Recurrent lacrimal gland pleomorphic adenoma.

作者信息

Reilly Sinéad, Ellard Ruth, O'Sullivan Máire, Khan Rizwana, Kennedy Susan

机构信息

School of Biotechnology, Dublin City University, Dublin, Ireland.

National Ophthalmic Pathology Laboratory, Royal Eye and Ear Hospital, Dublin, Ireland.

出版信息

Orbit. 2023 Dec;42(6):635-640. doi: 10.1080/01676830.2022.2064515. Epub 2022 May 12.

Abstract

Pleomorphic adenoma is the most common tumour of the lacrimal gland. Correct preoperative diagnosis is essential as the tumour should be removed en bloc. Incisional biopsy is contraindicated due to risk of recurrence and subsequent risk of malignancy. We identified 13 patients who were diagnosed with lacrimal gland pleomorphic adenoma in our institution over a 31-year period from 1990 to 2021. Of these, we describe four patients, three males and one female, who underwent incisional biopsy. One of these patients had a number of recurrences and required an orbital exenteration. The other two were treated with radiation to the orbit and experienced severe dry eye post-radiotherapy. All three patients are currently disease-free.

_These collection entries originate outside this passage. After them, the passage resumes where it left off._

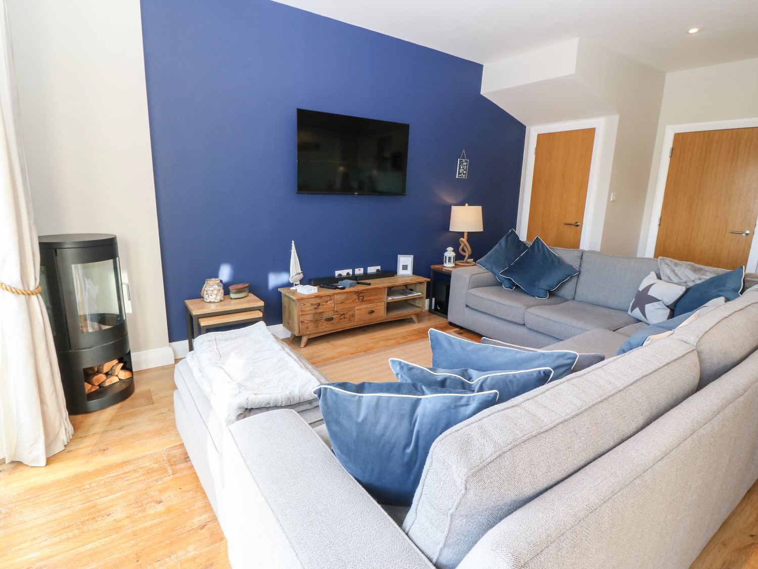 • A living room with a grey sectional sofa and blue cushions a wooden TV stand with a TV and a wood stove at Sandy House in Rhosneigr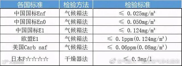 参考下图可以看出,新国标的E1相当于欧标的E1,Enf标准成为目前全球甲醛检测数值最严格的板材甲醛标准。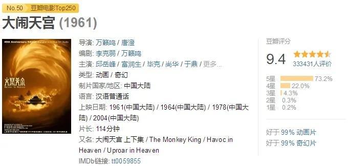 豆瓣评分9.4,好于99%的动画片和奇幻片——偏巧这两类片种都算得上如今中国电影的短板——经典程度不言而喻。

The fourth patient underwent an incisional biopsy of his lacrimal gland pleomorphic adenoma (LGPA) within the last 6 months and has been referred for radiotherapy. The reasons for a lack of preoperative diagnosis of LGPA included clinical uncertainty and broad radiologic differential. None of the patients who had an en bloc resection experienced recurrence. We recommend that a fine needle aspirate (FNA) biopsy in lieu of a tissue biopsy should be performed where LGPA is included in the clinical and radiological differential diagnosis. If incisional biopsy is required, the suture track should be marked so that the entire biopsy track is removed with the specimen.

摘要

多形性腺瘤是泪腺最常见的肿瘤。术前准确诊断至关重要,因为肿瘤应整块切除。由于存在复发风险及后续恶变风险,禁忌进行切开活检。我们确定了1990年至2021年31年间在我们机构被诊断为泪腺多形性腺瘤的13例患者。其中,我们描述了4例患者,3例男性和1例女性,他们接受了切开活检。这些患者中的1例多次复发,需要进行眼眶内容剜除术。另外2例接受了眼眶放疗,放疗后出现严重干眼。所有3例患者目前均无疾病。第4例患者在过去6个月内对其泪腺多形性腺瘤(LGPA)进行了切开活检,已被转诊接受放疗。LGPA术前诊断不足的原因包括临床不确定性和广泛的影像学鉴别诊断。所有接受整块切除的患者均未复发。我们建议,在临床和影像学鉴别诊断中包括LGPA时,应进行细针穿刺抽吸(FNA)活检代替组织活检。如果需要进行切开活检,应标记缝线通道,以便将整个活检通道与标本一并切除。